Gold had briefly held above $3,200 in early trading, but momentum faded as the U.S. dollar index rose for the fourth straight week and appetite for riskier assets grew. Selling pressure intensified in the afternoon session, dragging gold down to an intraday low of $3,152.40. The session high was $3,253.40. Silver followed suit, sliding 1.8% to $32.08 per ounce, while platinum and palladium fell 0.5% and 1%, respectively.

A shift toward risk-on sentiment was the primary drag on gold this week.

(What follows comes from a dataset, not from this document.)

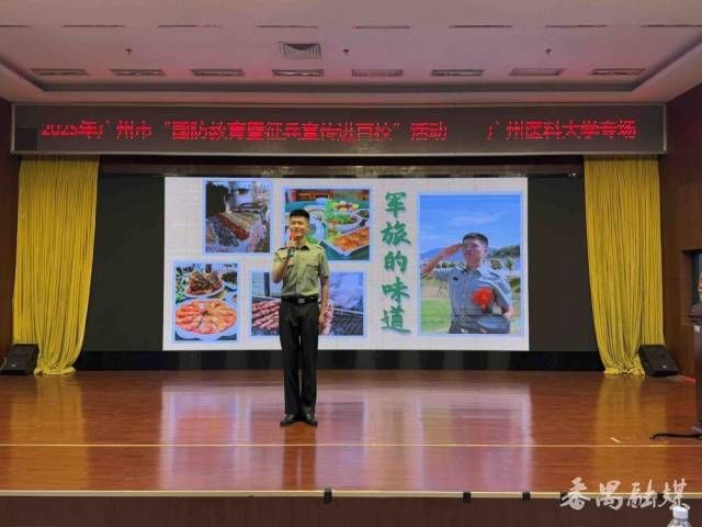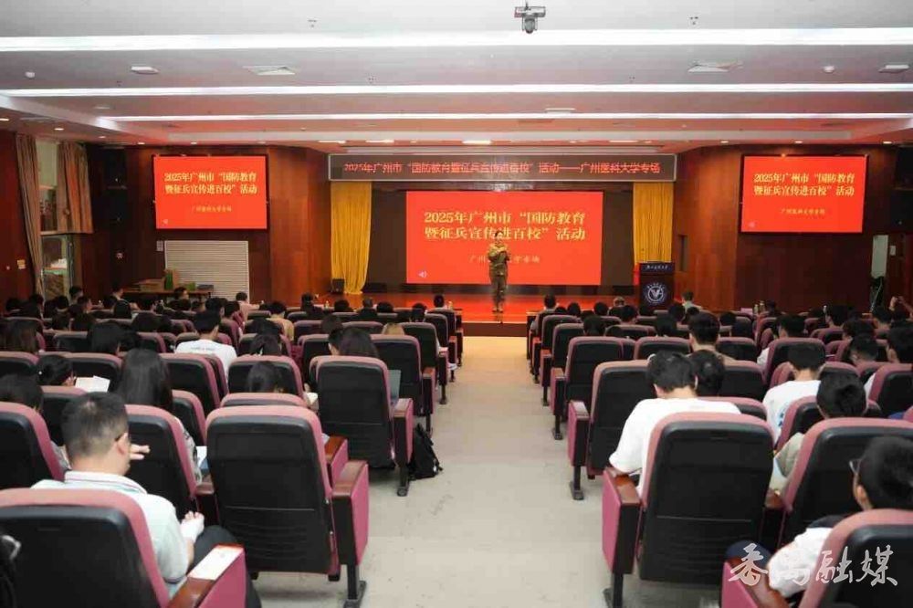 广州市国防教育暨征兵宣讲队的三名成员结合自身经历及体会,向同学们生动讲述红色故事与强军历程,用鲜活事例展现军人使命与担当,引发在场学生强烈共鸣。

A temporary agreement between the U.S. and China to postpone planned tariff hikes originally scheduled for April eased geopolitical tensions, dampening gold’s safe haven appeal. Meanwhile, the dollar held firm throughout the week—even after a modest pullback on Friday. The dollar index’s four-week winning streak marks its longest run since 2024. A stronger dollar raises the cost of gold for foreign investors, applying further pressure on prices.

At the same time, softer U.S. inflation readings had initially boosted expectations of a Fed rate cut this year. However, comments from several Fed officials in recent days suggested caution toward any near-term easing. This led markets to reassess the timeline for potential rate reductions. Yields on 10-year Treasury Inflation-Protected Securities (TIPS) rose to 2.20%, their highest level in a decade, increasing the opportunity cost of holding non-yielding assets like gold.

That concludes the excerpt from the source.